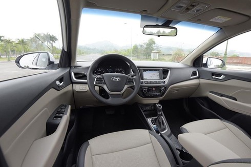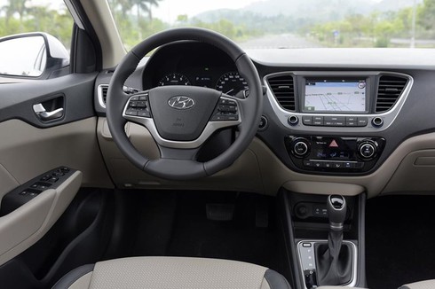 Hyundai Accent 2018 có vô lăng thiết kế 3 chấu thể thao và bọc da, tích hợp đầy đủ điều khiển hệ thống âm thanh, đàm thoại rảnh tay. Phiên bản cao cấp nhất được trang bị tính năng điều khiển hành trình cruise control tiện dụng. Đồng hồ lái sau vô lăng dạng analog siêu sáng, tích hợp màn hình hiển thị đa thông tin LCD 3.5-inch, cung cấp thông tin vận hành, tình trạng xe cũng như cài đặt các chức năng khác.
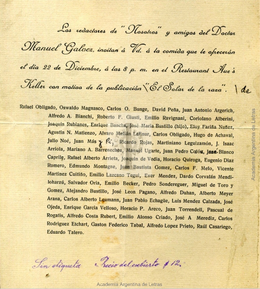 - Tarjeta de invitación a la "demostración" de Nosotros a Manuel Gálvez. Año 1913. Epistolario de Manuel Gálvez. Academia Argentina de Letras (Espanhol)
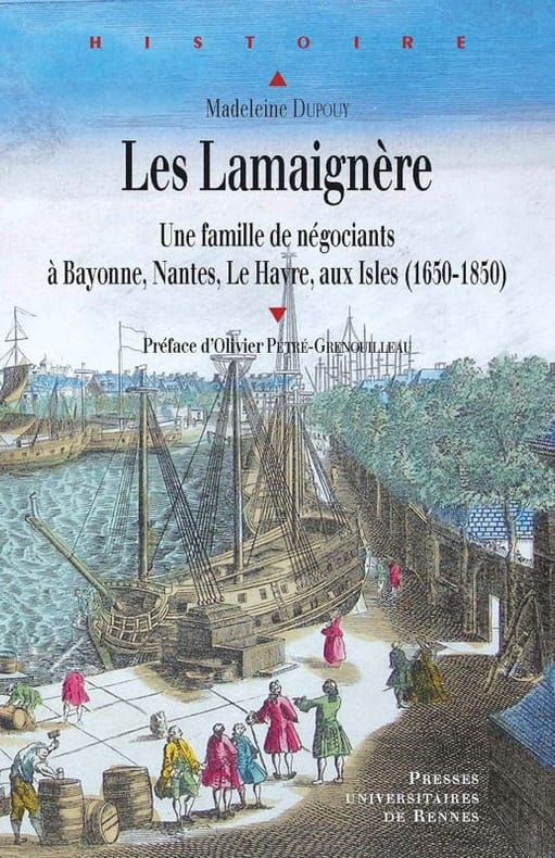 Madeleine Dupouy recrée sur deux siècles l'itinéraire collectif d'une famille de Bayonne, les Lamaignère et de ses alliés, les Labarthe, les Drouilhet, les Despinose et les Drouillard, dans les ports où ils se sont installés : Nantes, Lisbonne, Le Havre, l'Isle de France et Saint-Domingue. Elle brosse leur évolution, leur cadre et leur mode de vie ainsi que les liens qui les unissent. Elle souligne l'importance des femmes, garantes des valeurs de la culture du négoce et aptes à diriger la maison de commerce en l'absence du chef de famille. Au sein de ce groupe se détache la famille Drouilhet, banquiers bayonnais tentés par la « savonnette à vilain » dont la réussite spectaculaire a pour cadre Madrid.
___
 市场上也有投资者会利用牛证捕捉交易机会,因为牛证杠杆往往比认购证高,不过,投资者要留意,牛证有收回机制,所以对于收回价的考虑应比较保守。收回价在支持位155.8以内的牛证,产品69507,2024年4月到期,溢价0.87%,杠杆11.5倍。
___
_ASSIGNMENT_. Using the data above, print only the lines starting at the one with "Hyundai Accent 2018" and ending at the one with "- Tarjeta de", exactly as they stand, minus the pictures.

_TASK SOLUTION_.
 Hyundai Accent 2018 có vô lăng thiết kế 3 chấu thể thao và bọc da, tích hợp đầy đủ điều khiển hệ thống âm thanh, đàm thoại rảnh tay. Phiên bản cao cấp nhất được trang bị tính năng điều khiển hành trình cruise control tiện dụng. Đồng hồ lái sau vô lăng dạng analog siêu sáng, tích hợp màn hình hiển thị đa thông tin LCD 3.5-inch, cung cấp thông tin vận hành, tình trạng xe cũng như cài đặt các chức năng khác.
 - Tarjeta de invitación a la "demostración" de Nosotros a Manuel Gálvez. Año 1913. Epistolario de Manuel Gálvez. Academia Argentina de Letras (Espanhol)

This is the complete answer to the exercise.